In the early XP literature, books like Planning XP told us that by measuring velocity we gracefully handle systematic estimate inaccuracy as the “value” of our story points fluctuates over time. Think of it like a floating currency: its value in hours changes slowly over time as our ability to complete points improves. If you prefer to estimate in hours, then after several months, you might notice a bunch of stories whose actual costs were close to some constant multiplier of the estimate. In that case, you would consider multiplying all remaining estimates by that constant until you internalized it and began estimating in the “new scale” out of habit. Even when I cared deeply about cost estimates, I worried little about systematic inaccuracies.

Sporadic inaccuracy hurts more. Since we provide cost estimates to that others might plan, we owe it to them to lower the variance of the actual cost of our work, in order to make planning more useful. I have developed a conjecture over the last few years that changes the question of sporadic estimate inaccuracy:

The actual cost of a story depends on (among other things) the complexity of the story and the current state of the design. The higher our technical debt, the more that cost dominates the cost of the story.

I have noticed various people floating the definition of “technical debt” to suit their needs, so I want to clarify what I mean by “technical debt”:

By technical debt I refer to the latent cost of the amount of rot in the design. I think of technical debt as the cost of the design improvements we need to make in order to feel comfortable adding features or fixing defects in that part of the system.
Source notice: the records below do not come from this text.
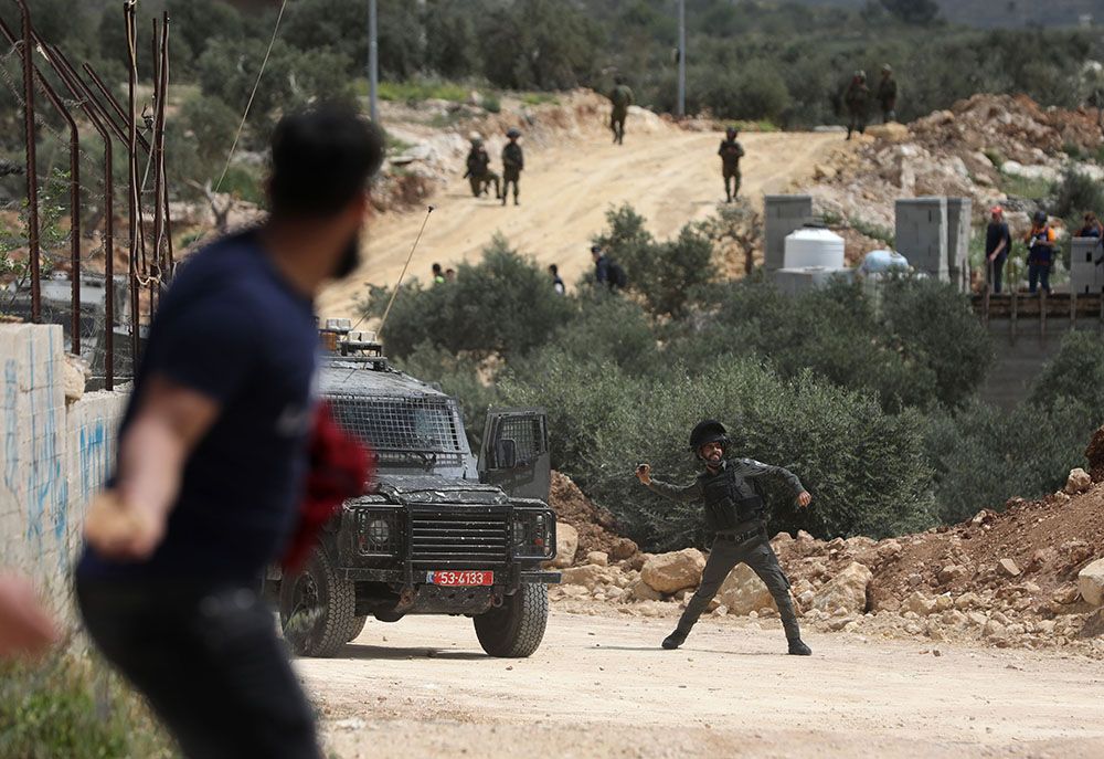 4月10日,在约旦河西岸城市纳布卢斯,巴勒斯坦抗议者与以色列士兵发生冲突。(图片来源:新华社)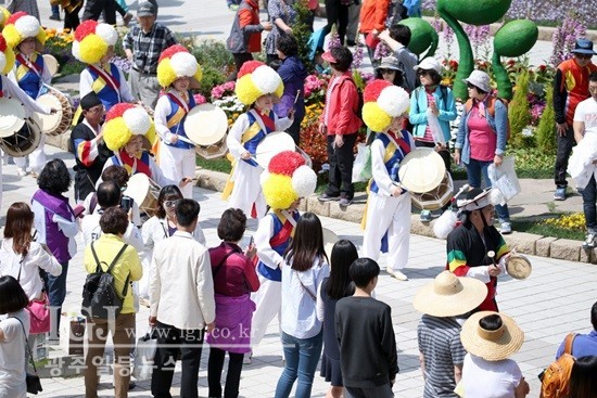 2016 고양국제꽃박람회에선 네 차례 펼쳐지는 거리퍼레이드는 이번 꽃박람회 인기 프로그램으로 군악대, 캐릭터, 풍물예술단 등이 참여하는 퍼레이드 행렬이 이어진다. 사진은 꽃박람회 거리 퍼레이드에 참여해 신명나는 공연을 펼치는 풍물예술단의 모습. 다음 퍼레이드는 오는 8일과 14일 2차례 더 진행될 예정.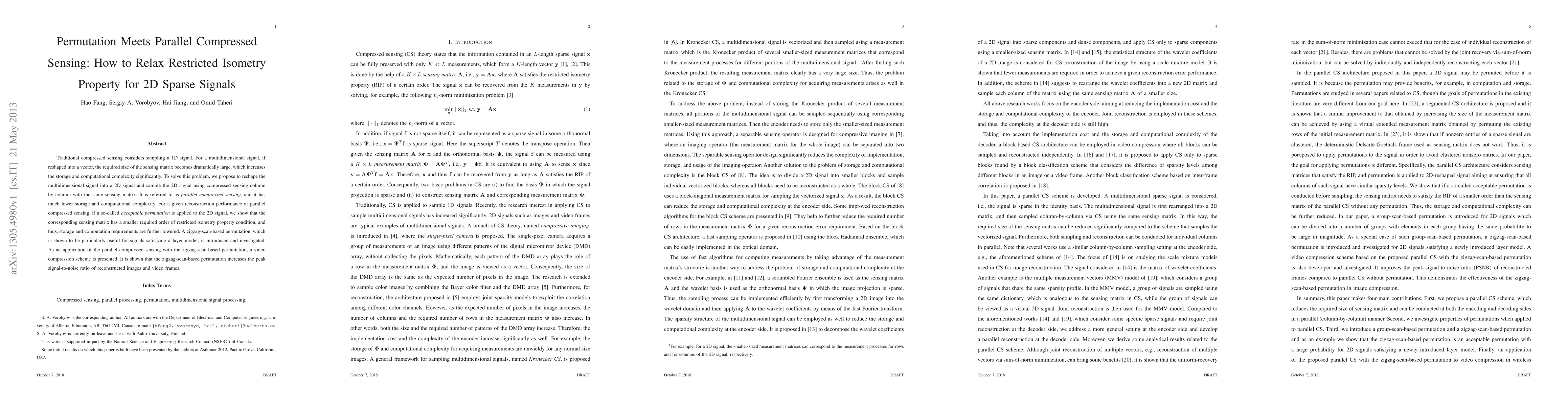 Traditional compressed sensing considers sampling a 1D signal. For a multidimensional signal, if reshaped into a vector, the required size of the sensing matrix becomes dramatically large, which increases the storage and computational complexity significantly. To solve this problem, we propose to reshape the multidimensional signal into a 2D signal and sample the 2D signal using compressed sensing column by column with the same sensing matrix. It is referred to as parallel compressed sensing, and it has much lower storage and computational complexity. For a given reconstruction performance of parallel compressed sensing, if a so-called acceptable permutation is applied to the 2D signal, we show that the corresponding sensing matrix has a smaller required order of restricted isometry property condition, and thus, storage and computation requirements are further lowered. A zigzag-scan-based permutation, which is shown to be particularly useful for signals satisfying a layer model, is introduced and investigated. As an application of the parallel compressed sensing with the zigzag-scan-based permutation, a video compression scheme is presented. It is shown that the zigzag-scan-based permutation increases the peak signal-to-noise ratio of reconstructed images and video frames.

You can think of technical debt as financial debt: interest-bearing principal owed to another party. In this case, the other party is the system or the project, the principal is the current design and the interest is the extra cost associated with either rescuing or working around the current design. With these definitions established, I can state my conjecture this way:

In systems with high technical debt, the cost of repaying that technical debt dominates the cost of a story.

Since not all stories affects all parts of the design uniformly, we can do a little better:

The cost of a story depends on the complexity of the story and the amount of technical debt in the areas of the design we need to change or extend to deliver the story. Working in areas with high technical debt causes the cost of repaying that debt to dominate the cost of the story.

I think you get the point. From this it follows that in systems with generally high technical debt, the distribution of technical debt effectively determines the variance in the cost of the stories. Sporadic estimate inaccuracy, then, likely has a clear root cause: high technical debt distributed decidedly non-uniformly. This follows logically, because if the system distributed technical debt uniformly, then our estimates would show systematic inaccuracy.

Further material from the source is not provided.